Часть шестая. Плоды долгих усилий. Никто не трудился напрасно
Часть шестая ПЛОДЫ ДОЛГИХ УСИЛИЙ
Мы пожинаем ныне плоды наших долгих усилий. Майкл Горман в письме к Мэри Ласкер, 1985 г.
Национальному институту онкологии, с 1971 года руководящему общенациональными усилиями по исследованиям в области рака и борьбе с этим заболеванием, предстоит в новом десятилетии взять на себя новую грандиозную задачу: разработку новых лекарств, которые обеспечат пожизненное исцеление от многих, если не всех, видов рака. Победа над раком становится более реальной целью, поскольку мы наконец знаем его основные генетические и химические характеристики. Джеймс Уотсон, 2009 г.

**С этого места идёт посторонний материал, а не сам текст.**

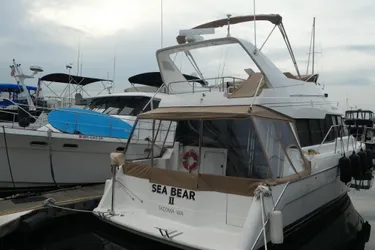 Introducing this well maintained 1994 Bayliner 4388 Motor Yacht, a stunning vessel that combines elegance and performance. This motor yacht boasts a robust fiberglass hull, ensuring durability and stability on the water. Powered by Twin Diesels with a spotless engine room, Westerbeke 8KW Generator, Side Power Bow Thruster, and exceptionally clean interior & exterior. She features two well-appointed cabins and two heads, providing ample space for relaxation and comfort. The interior has been updated and the roomy open Salon has 360 degree views equipped with a lower helm station and comfortable large Dinette & Galley to Port for entertaining quests or dining. There is also a aft window that opens up to the Aft Hardtop Deck with newly added Custom Aft Enclosure to the extended swim platform with walk trough transom door for easy boarding or docking.

Чем совершеннее сила, тем сложнее ее остановить. Приписывается св. Фоме Аквинскому
Никто не трудился напрасно
Вы не знаете Джимми?.. Джимми один из тысяч детей, больных лейкемией или какой-нибудь другой разновидностью рака в нашей стране или по всему земному шару. Из памфлета Фонда Джимми, 1963 г.
Летом 1997 года в Онкологический институт Даны и Фарбера прислала письмо некая Филлис Клаусон из Биллерики, городка в штате Массачусетс. Она писала о «Джимми», символе кампании Фарбера. Прошло уже почти полвека с тех пор, как Джимми прибыл в бостонскую клинику Фарбера, после того как в Мэне ему поставили диагноз «лимфома кишечника». Считалось, что Джимми давно умер, как и остальные его сопалатники. Неправда, писала Клаусон, Джимми жив и здоров. Эйнар Густафсон — ее брат, водитель грузовика в штате Мэн, у него трое детей. На протяжении полувека семья хранила в тайне подлинную личность Джимми. Об этом знал один лишь Сидней Фарбер — рождественские открытки от него исправно приходили Джимми каждый год вплоть до смерти Фарбера в 1971 году. Каждый год на протяжении всех этих десятилетий Клаусон и ее родственники посылали в Фонд Джимми скромные пожертвования, ни единой живой душе не рассказывая, что силуэт на бланке для пожертвований принадлежит их брату. Но теперь, через пятьдесят лет, Клаусон поняла, что не может больше хранить тайну. «История Джимми, — вспоминала она, — стала историей, которую я не могу скрывать. Я знаю, что должна написать это письмо, пока Эйнар еще жив».
Письмо Клаусон чуть было не отправилось в урну. О случайных встречах с Джимми рассказывали почти так же часто, как о случайных встречах с Элвисом Пресли, но никто не относился к подобным сообщениям всерьез. Все они оказывались мошенничеством. Врачи сообщили отделу по работе с общественностью при Фонде Джимми, что шансы мальчика выжить были нулевыми, а потому такие заявления следует принимать с большой долей скепсиса. Однако в письме Клаусон содержались детали, от которых было нельзя отмахнуться. Она писала, как слушала по радио передачи Ральфа Эдвардса в мэнском городке Нью-Сведен летом 1948 года. Вспоминала зимние поездки своего брата в Бостон, на которые нередко уходило по два дня, и как Джимми в любимой бейсболке терпеливо лежал на заднем сиденье автомобиля. Рассказав брату о письме, Клаусон увидела, что тот испытал одновременно и досаду, и облегчение. «Для него это стало избавлением от тяжкой ноши, — рассказывала она потом. — Эйнар был честным человеком. Он хранил свой секрет потому, что не хотел хвастаться». «Иной раз я улыбался про себя, читая в газете, что кто-нибудь меня где-нибудь нашел», — говорил сам Эйнар. Письмо Клаусон попалось на глаза Карен Каммингс из отдела развития Фонда Джимми. Немедленно осознав все значение этого письма, Карен связалась с Клаусон, а потом отыскала и Густафсона.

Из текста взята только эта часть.